The TOM compiler emits #line directives to point the
C compiler and the debugger to the actual TOM source file instead
of the intermediate C file emitted by the TOM compiler. Thus, any
error message emitted by the C compiler (which should not happen
or you'd have encountered a bug in the TOM compiler) and every
action in the debugger will be concerned with the TOM source.
You never see the intermediate C file. Throw it away if
you feel like it; it won't matter.
- Local variables
- Every TOM method has a corresponding C function (see methods). Local variables in a method map
directly to the C local variables understood by GDB. When
compiling with optimization turned on, GCC can map multiple local
variables to the same stack slot or register; it can even
eliminate local variables. If this hurts, compile with
optimization turned off: i.e. do not pass -O or -O2 to the
compiler. With the TOM Makefiles, simply invoke
make
with extra CFLAGS , as in
- Class variables
- Class variables, which are the closest TOM has resembling global
variables, come in three flavors: local (to a thread), static, and
normal. Thread-local variables won't be discussed here.

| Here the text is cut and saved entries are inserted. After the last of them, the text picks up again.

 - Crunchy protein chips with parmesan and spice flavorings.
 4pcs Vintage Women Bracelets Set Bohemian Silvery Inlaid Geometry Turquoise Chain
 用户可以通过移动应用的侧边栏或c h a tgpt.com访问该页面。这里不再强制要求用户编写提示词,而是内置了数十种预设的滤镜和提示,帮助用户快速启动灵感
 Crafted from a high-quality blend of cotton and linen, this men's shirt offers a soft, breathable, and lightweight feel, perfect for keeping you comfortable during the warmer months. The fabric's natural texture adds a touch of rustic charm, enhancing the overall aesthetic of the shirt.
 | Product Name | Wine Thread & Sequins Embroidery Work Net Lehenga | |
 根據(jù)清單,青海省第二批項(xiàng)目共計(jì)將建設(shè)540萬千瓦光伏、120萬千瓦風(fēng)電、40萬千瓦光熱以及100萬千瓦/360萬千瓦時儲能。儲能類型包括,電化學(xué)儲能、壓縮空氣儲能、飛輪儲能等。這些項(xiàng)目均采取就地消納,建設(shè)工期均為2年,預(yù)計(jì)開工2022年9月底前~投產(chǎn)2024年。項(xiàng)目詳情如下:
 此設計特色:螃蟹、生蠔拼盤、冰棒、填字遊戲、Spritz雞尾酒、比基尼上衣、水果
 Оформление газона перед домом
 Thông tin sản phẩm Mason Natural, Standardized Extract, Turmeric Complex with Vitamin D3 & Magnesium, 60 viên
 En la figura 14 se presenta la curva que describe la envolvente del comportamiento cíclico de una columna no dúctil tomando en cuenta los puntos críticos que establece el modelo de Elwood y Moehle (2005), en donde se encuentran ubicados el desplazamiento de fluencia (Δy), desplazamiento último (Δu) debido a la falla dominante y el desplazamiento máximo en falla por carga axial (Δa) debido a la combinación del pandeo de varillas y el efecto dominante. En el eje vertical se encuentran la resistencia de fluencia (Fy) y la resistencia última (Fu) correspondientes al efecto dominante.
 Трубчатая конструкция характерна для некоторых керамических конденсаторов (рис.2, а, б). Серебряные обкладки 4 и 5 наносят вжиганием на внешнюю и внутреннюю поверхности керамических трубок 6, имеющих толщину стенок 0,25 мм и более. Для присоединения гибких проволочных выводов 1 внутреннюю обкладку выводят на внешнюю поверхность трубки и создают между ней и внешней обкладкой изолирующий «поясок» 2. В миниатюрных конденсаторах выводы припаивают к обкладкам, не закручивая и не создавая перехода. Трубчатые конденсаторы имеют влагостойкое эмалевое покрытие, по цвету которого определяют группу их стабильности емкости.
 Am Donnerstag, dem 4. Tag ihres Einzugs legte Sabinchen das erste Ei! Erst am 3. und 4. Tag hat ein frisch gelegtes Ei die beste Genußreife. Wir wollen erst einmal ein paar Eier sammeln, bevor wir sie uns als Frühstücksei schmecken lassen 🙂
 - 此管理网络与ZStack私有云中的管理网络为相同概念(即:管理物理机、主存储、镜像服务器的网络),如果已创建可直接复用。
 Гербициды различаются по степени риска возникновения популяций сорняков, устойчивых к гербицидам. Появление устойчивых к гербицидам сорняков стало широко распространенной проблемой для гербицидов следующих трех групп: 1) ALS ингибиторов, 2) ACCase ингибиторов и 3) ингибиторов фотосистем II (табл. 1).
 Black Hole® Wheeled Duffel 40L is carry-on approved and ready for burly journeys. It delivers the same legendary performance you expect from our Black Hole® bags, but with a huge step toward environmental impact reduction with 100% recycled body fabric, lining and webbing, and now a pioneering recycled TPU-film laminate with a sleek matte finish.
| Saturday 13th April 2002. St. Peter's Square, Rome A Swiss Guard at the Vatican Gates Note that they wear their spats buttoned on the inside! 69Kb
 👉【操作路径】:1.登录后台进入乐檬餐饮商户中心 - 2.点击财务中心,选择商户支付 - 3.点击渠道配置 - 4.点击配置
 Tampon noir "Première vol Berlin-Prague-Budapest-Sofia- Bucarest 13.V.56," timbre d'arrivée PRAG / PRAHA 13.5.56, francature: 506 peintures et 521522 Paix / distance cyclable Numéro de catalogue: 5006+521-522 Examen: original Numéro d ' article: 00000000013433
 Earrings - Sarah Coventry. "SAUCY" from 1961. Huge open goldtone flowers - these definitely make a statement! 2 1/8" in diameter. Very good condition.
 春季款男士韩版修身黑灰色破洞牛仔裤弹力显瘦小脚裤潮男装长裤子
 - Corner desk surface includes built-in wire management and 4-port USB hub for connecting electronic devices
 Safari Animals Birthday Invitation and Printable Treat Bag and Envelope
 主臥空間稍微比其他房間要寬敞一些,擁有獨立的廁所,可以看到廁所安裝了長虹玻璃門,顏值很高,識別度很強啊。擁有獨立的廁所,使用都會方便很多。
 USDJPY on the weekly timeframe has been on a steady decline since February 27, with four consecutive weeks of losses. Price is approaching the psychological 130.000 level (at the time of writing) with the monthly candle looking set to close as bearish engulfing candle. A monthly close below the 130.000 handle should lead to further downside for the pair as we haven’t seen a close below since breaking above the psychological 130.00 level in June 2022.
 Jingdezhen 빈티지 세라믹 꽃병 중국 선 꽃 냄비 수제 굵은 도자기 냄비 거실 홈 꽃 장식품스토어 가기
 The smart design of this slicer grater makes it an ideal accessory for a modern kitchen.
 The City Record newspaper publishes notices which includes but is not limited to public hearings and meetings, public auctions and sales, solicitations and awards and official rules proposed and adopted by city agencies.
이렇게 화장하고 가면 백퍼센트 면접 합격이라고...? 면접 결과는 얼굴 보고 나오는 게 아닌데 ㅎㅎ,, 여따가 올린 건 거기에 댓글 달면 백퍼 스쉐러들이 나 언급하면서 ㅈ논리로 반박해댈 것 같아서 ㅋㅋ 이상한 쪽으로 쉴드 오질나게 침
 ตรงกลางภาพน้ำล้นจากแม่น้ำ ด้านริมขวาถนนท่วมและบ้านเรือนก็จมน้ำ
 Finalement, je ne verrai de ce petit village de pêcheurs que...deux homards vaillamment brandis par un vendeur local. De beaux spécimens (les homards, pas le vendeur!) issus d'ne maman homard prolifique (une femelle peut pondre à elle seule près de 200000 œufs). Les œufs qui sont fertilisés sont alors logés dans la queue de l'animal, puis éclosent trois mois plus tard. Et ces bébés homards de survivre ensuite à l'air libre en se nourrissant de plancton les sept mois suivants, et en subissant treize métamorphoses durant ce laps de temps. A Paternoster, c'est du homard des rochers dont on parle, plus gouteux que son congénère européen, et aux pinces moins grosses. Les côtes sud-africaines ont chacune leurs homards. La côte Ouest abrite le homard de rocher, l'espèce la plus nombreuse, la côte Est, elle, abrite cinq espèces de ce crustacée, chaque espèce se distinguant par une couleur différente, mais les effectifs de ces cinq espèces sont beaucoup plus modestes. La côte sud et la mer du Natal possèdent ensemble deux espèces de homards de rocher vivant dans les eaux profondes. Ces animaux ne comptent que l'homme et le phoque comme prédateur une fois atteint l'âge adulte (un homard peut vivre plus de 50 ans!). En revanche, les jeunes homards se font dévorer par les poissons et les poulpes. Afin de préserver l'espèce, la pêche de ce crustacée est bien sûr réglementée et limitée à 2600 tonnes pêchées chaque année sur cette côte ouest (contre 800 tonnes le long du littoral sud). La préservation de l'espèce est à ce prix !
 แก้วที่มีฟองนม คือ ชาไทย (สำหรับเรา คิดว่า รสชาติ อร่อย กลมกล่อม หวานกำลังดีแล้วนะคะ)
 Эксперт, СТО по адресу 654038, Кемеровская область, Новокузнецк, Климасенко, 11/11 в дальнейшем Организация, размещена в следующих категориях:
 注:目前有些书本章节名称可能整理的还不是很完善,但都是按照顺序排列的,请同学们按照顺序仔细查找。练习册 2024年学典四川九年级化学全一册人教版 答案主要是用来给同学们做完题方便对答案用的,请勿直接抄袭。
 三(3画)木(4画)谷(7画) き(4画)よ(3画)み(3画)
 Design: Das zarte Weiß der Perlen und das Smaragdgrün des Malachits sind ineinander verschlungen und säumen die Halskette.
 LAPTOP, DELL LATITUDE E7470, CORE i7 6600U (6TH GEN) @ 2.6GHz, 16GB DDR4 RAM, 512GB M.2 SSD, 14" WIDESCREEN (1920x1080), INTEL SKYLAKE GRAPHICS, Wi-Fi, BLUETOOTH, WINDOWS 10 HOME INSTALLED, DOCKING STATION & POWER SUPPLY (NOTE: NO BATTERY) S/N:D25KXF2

Static variables in TOM correspond to global variables in C, with some
simple prefixing to ensure a unique name. For example, the static
variable num_cows in the class MyClass
in the unit MyUnit is availabe in the debugger as
c_MyUnit_MyClass_num_cows . If an extension named
MyExtension of MyClass defines a static
variable num_bulls , it will be available as
c_MyUnit_MyClass_MyExtension_num_cows in the
debugger. Note that the name of the unit containing the extension
is irrelevant; extension names must be unique within a class
anyway.
A normal class variable is part of the class object and of the class
object of every subclass. They can be examined in a way similar
to how instance variables can be examined. For this purpose, you
need a pointer to the class object, which you can retrieve in two
different ways, again using the MyUnit.MyClass as an
example:
&_md_c_MyUnit_MyClass
- This is the actual address of the class object. It will never
change, since the class object is a statically allocated C struct.
_mr_c_MyUnit_MyClass
- This refers to the class object in the same way that invoking a class
method does. The value of this pointer is thus affected by
posing. Without posing, its value is
&_md_c_MyUnit_MyClass .
To refer to the meta class object, replace the c (for
Class) by an m (for Meta class), as in
_mr_m_MyUnit_MyClass and
&_md_m_MyUnit_MyClass .
- Methods
- Every method implementation is a C function to GDB. Given the class
implementing the method and the selector to which the method
corresponds, the name of the C function is easily deduced. For
example, the
alloc method implemented by the
tom.State class corresponds to the function
c_tom_State_r_alloc . The prefix is the same as for
class variables, except that for instance methods, the leading
c should be replaced by an i . The
suffix of the method name is the mangled name of the corresponding
selector. Once you've seen a few examples, you'll get the hang of
it; see the TOM language reference manual for a discussion of the
selector name mangling scheme.
To invoke a method from the debugger, there are several options. The
simplest is of course to directly invoke the function implementing
the method. For example, to allocate a new State
object:
|
(gdb) print c_tom_State_r_alloc (_mr_c_tom_State, 0)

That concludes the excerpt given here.